Regardless of how one assesses the merits of federal or state minimum wage hikes, it is certainly true that $7.25 doesn’t go nearly as far in forced-unionism New Jersey as it does in any of the 23 states that currently have Right to Work laws on the books. According to MERIC’s report for the second quarter of 2012, 21 Right to Work states have overall living costs below the national average. One, Arizona, has an index of 103.05. No data for Right to Work Wyoming are available for the second quarter of 2012, but in the first quarter its index was 103.86. Fourteen forced-unionism states have a cost-of-living index higher than that of Wyoming, the most expensive Right to Work state.
Given that the NEA elite accept in principle the idea of adjusting nominal incomes to reflect regional cost of living and Mr. Bolte actually used MERIC’s indices to do so, one would think that Big Labor bosses and their ideological cohorts would agree that MERIC’s indices, apparently the only currently available comprehensive gauge of cost of living differences in the 50 states, are an appropriate tool for evaluating the economic impact of Right to Work laws.
Instead, professional forced-unionism apologists such as Lonnie Stevans, a statistician and a former secretary-treasurer of the American Association of University Professors (AAUP), blow a gasket when one suggests to them that one should use MERIC’s indices to compare incomes or salaries in Right to Work and forced-unionism states.
Is it possible the reason that pro-union monopoly academics like Dr. Stevans get so upset at the idea of MERIC’s indices entering into the Right to Work debate is not any quibble they may have about methodology, but ratherthat they know the results won’t be favorable to compulsory unionism?
Take, for example, the U.S. Bureau of Economic Analysis data for 2011 disposable personal income in the 50 states. Adjusting the reported incomes to reflect cost of living by dividing them by an average of MERIC’s quarterly reports for 2011 (expressed in percentage terms) reveals a clear negative correlation between forced unionism and disposable income per capita. The Right to Work average of $36,938 is nearly $2500 higher than the forced-unionism average.

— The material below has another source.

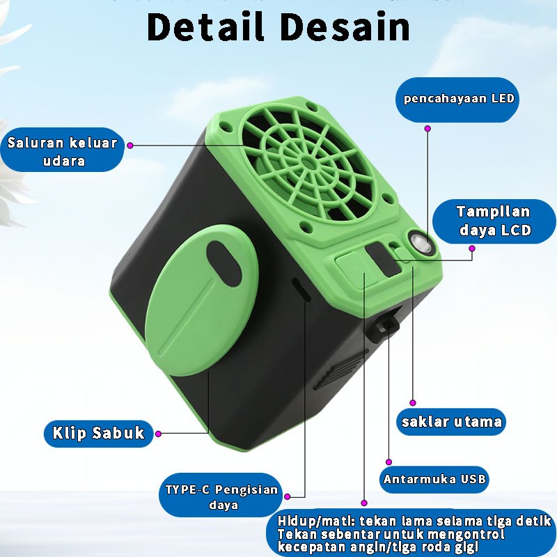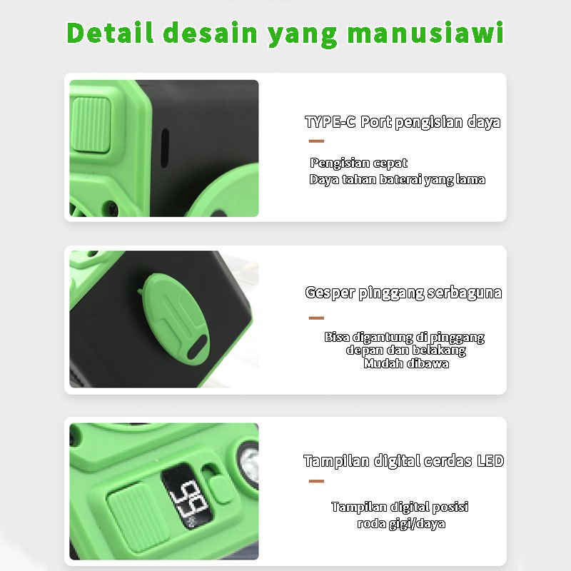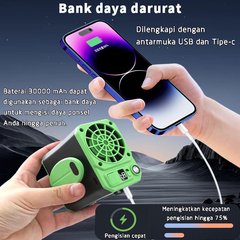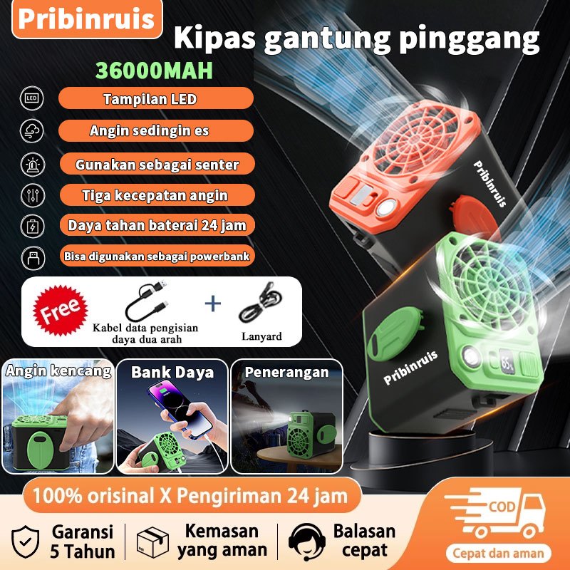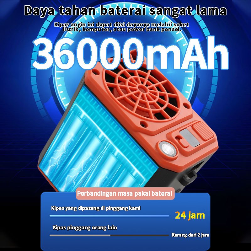 PRIBINRUIS 【】kipas angin pinggang 36000mAh kipas powerbank LED Sumber daya seluler

Moreover, all of the seven states with the lowest cost of living-adjusted disposable incomes per capita in 2011 (Alaska, California, Hawaii, Maine, Oregon, Vermont and West Virginia) lack Right to Work laws. Of the nine states with the highest cost of living-adjusted incomes, Iowa, Kansas, Nebraska, North Dakota, South Dakota, Texas, Virginia and Wyoming all have Right to Work laws. The sole exception among the nine is forced-unionism Illinois. While the Prairie State’s relatively high spendable average income is a positive, it should be noted the state is at the same time plagued by high out-migration of families with children and extraordinarily poor job creation.